在查询字符串中使用单独的变量来传递值序列时, 需传递doseq=True给urlencode().

import urllib
query_args = { 'foo':['foo1', 'foo2'] }
print 'Single :', urllib.urlencode(query_args)
print 'Sequence:', urllib.urlencode(query_args, doseq=True)
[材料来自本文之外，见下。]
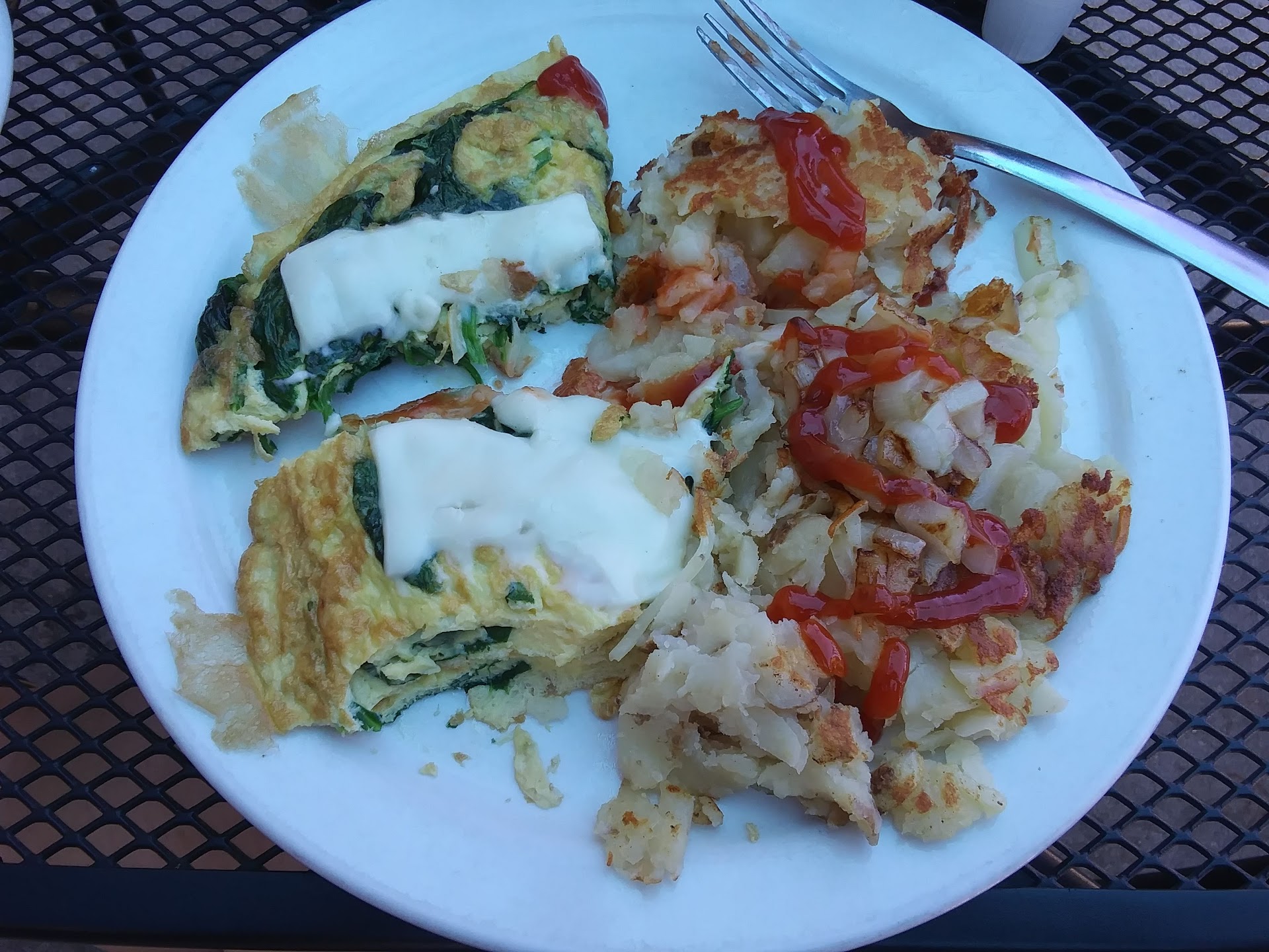 I arrived on a Saturday morning as a first time customer, and sat at the bar. Their paper menu has most of the basic breakfast and lunch American cuisine. I ordered their classic French Toasts with strawberries, OJ and coffee. Food was banal flavor and taste. (Syrup and butter available upon request! My goodness!) Whipped cream looked like it was put in a hurry on my FT. Reg Coffee was okay. Server forgot my OJ; so I cannot comment on its quality. I waited patiently to see if she remembers but failed.
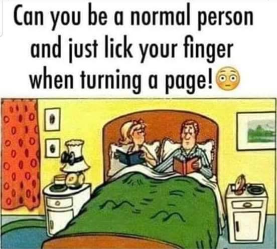 For the record - that whole licking fingers to turn pages thing is a disgusting habit.
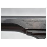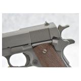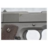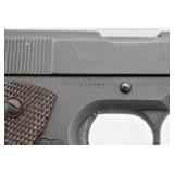 504R. Remington-Rand – Mod. 1911 – US Property Marked – 45 Auto Cal. Semi-Auto Pistol – w/5” “NM” Marked Barrel w/Custom Blade Front & Custom Adj. Rear Sights – Military Finish – w/Checkered Brown Plastic Grips – w/Detachable Magazine – w/Lanyard Ring – w/Custom Non-Factory Trigger (C&R or FFL Required)
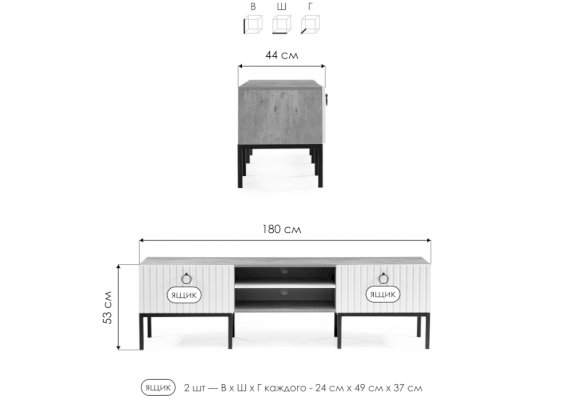 Предусмотрено хранение дисков / техники (приставка для телевизора)

$ python urllib_urlencode_doseq.py
Single : foo=%5B%27foo1%27%2C+%27foo2%27%5D
Sequence: foo=foo1&foo=foo2

为了解码查询字符串, 可查看cgi模块中的FieldStorage类.

在查询参数里的一些特别字符, 在传递给urlencode()后, 在服务器端可能和URL一起引起解析错误. 可以直接使用quote()或者quote_plus()函数在本地引用他们以生成安全的字符串.

import urllib

url = 'http://localhost:8080/~dhellmann/'
print 'urlencode() :', urllib.urlencode({'url':url})
print 'quote() :', urllib.quote(url)
print 'quote_plus():', urllib.quote_plus(url)

Note

quote_plus()能够替换更多的特殊字符.

$ python urllib_quote.py
urlencode() : url=http%3A%2F%2Flocalhost%3A8080%2F%7Edhellmann%2F
quote() : http%3A//localhost%3A8080/%7Edhellmann/
quote_plus(): http%3A%2F%2Flocalhost%3A8080%2F%7Edhellmann%2F

视情况而定, 用unquote()或者unquote_plus()来还原quote操作.

import urllib

print urllib.unquote('http%3A//localhost%3A8080/%7Edhellmann/')
print urllib.unquote_plus('http%3A%2F%2Flocalhost%3A8080%2F%7Edhellmann%2F')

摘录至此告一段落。